» **YOUR OBJECTIVE**
Your output should consist of the lines from the first line of the records below through the one with "主役になるトップスなのでシンプルなボトム合わせがおすすめ。", exactly, minus the pictures.

Stored data entries:

┌────────

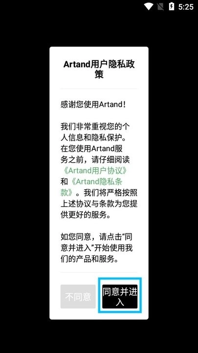 在itmop安卓网打开Artand应用,仔细阅读弹出窗口中的内容后,点击页面上的【同意并进入】按钮。
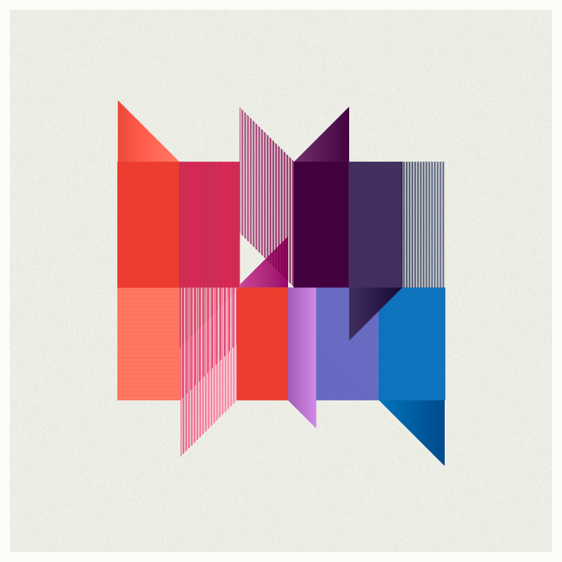 This collection exists of connected rectangles on a tight grid with lines cutting their way through the patterns made with a simple algorithm.
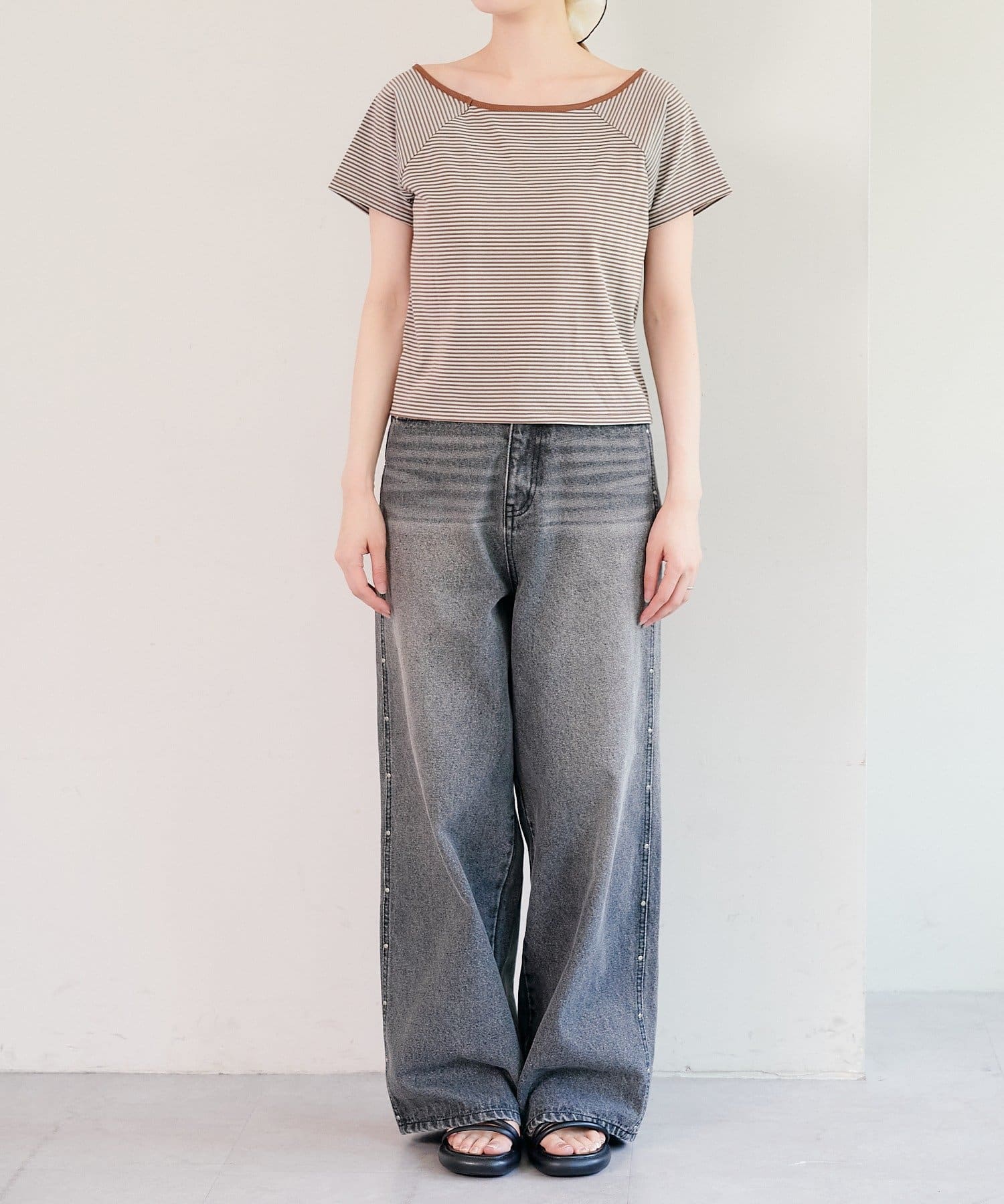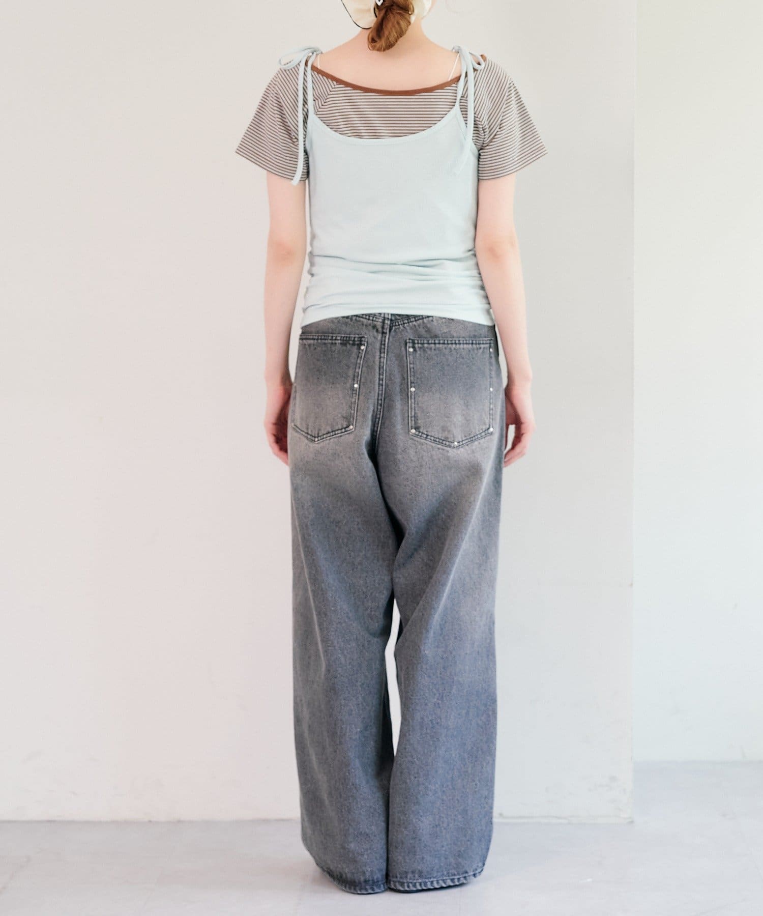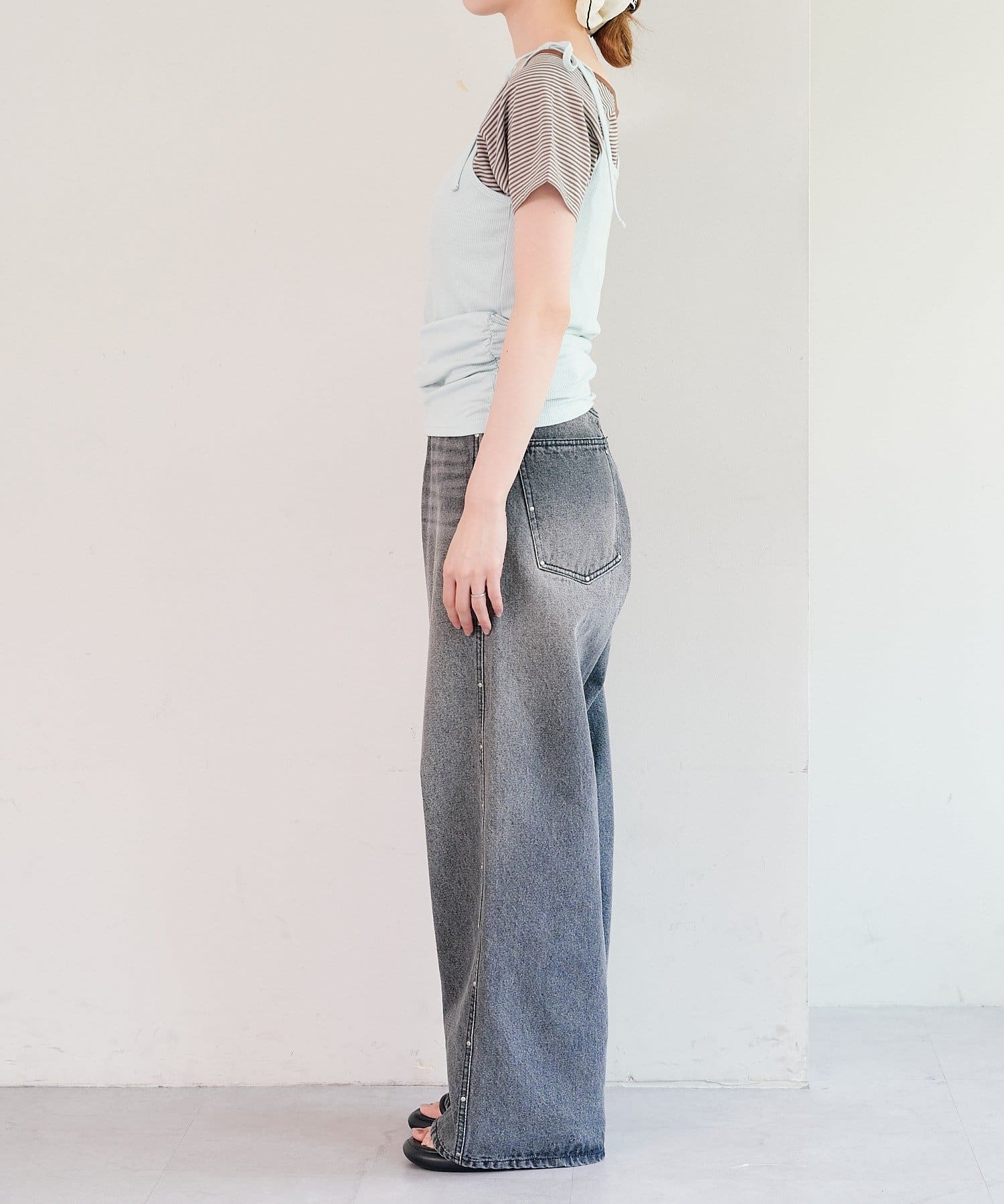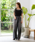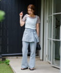 主役になるトップスなのでシンプルなボトム合わせがおすすめ。
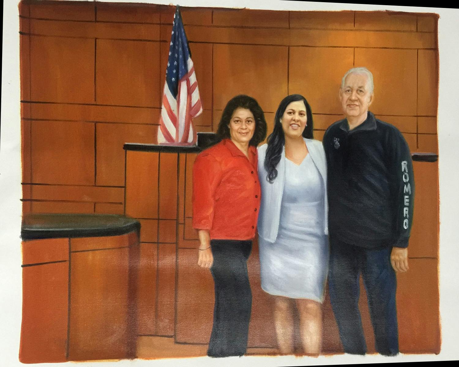 I would like a realistic oil painting replica of the submitted picture (Main Reference Photo) with the left and right individuals replaced by my grandfather and grandmother. Pictures for my grandmother: (Grandmother 1,2,3,4) and grandfather (Grandfather 1,2,3,4). Please keep the background in the Main Reference Photo exactly the same with all proportions. Ideally, please place my grandmother on the left, keep mother (center in the Main Ref Photo) center, and grandfather right. Thank you for your patience in advance!
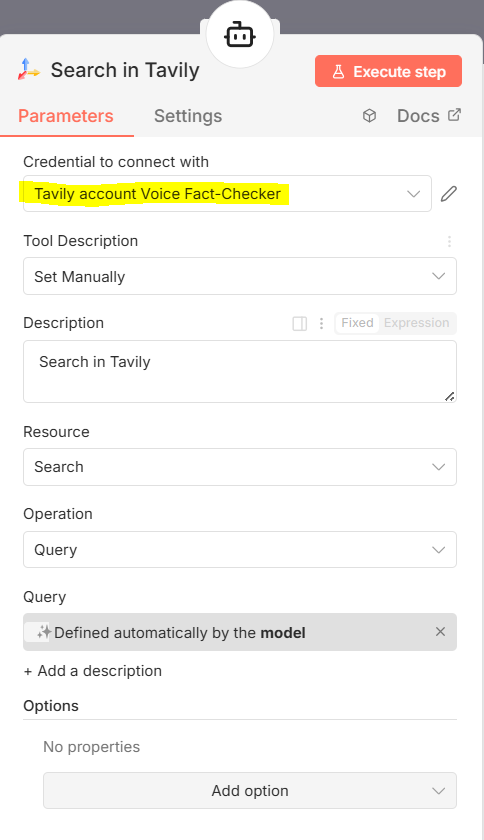 В ноде AI Agent создаем Tool Search in Tavily и указываем там "Tavily account Voice Fact-Checker"
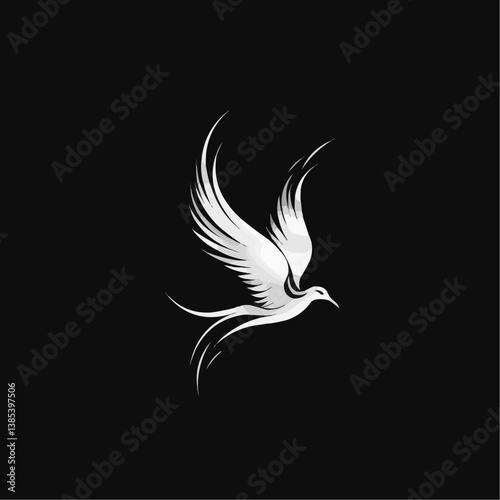 © ShaNeT, Fototapeta premium Stylized Silver Bird Logo on Black Background
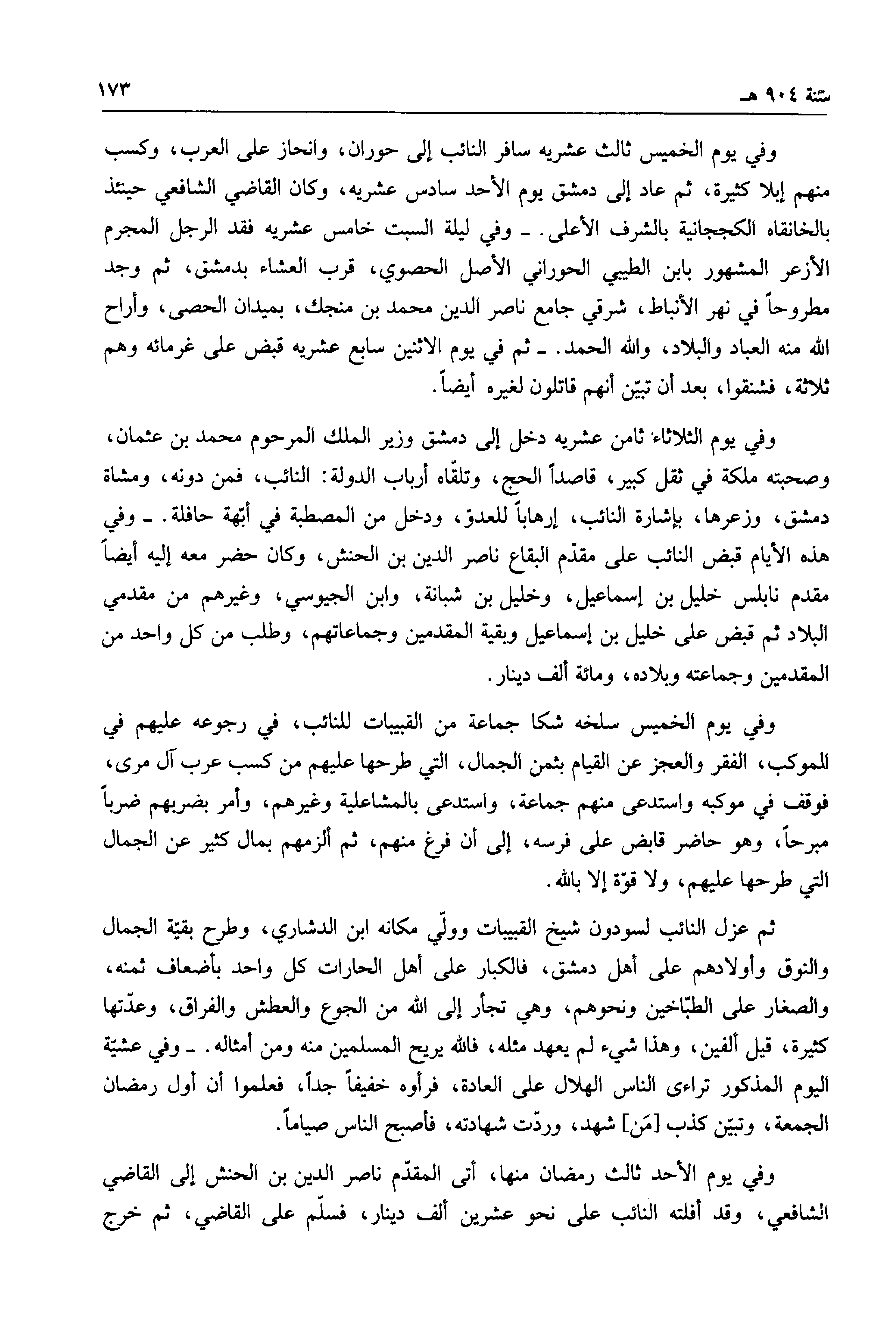 وفي يوم الخميس ثالث عشريه سافر النائب إلى حوران، وانحاز على العرب، وكسب منهم إبلا كثير، ثم عاد إلى دمشق يوم الأحد سادس عشريه، وكان القاضي الشافغي حينئذ بالخانقاه الكججانية بالشرف الأعلى.

└────────

» **EXERCISE RESPONSE**
 在itmop安卓网打开Artand应用,仔细阅读弹出窗口中的内容后,点击页面上的【同意并进入】按钮。
 This collection exists of connected rectangles on a tight grid with lines cutting their way through the patterns made with a simple algorithm.
 主役になるトップスなのでシンプルなボトム合わせがおすすめ。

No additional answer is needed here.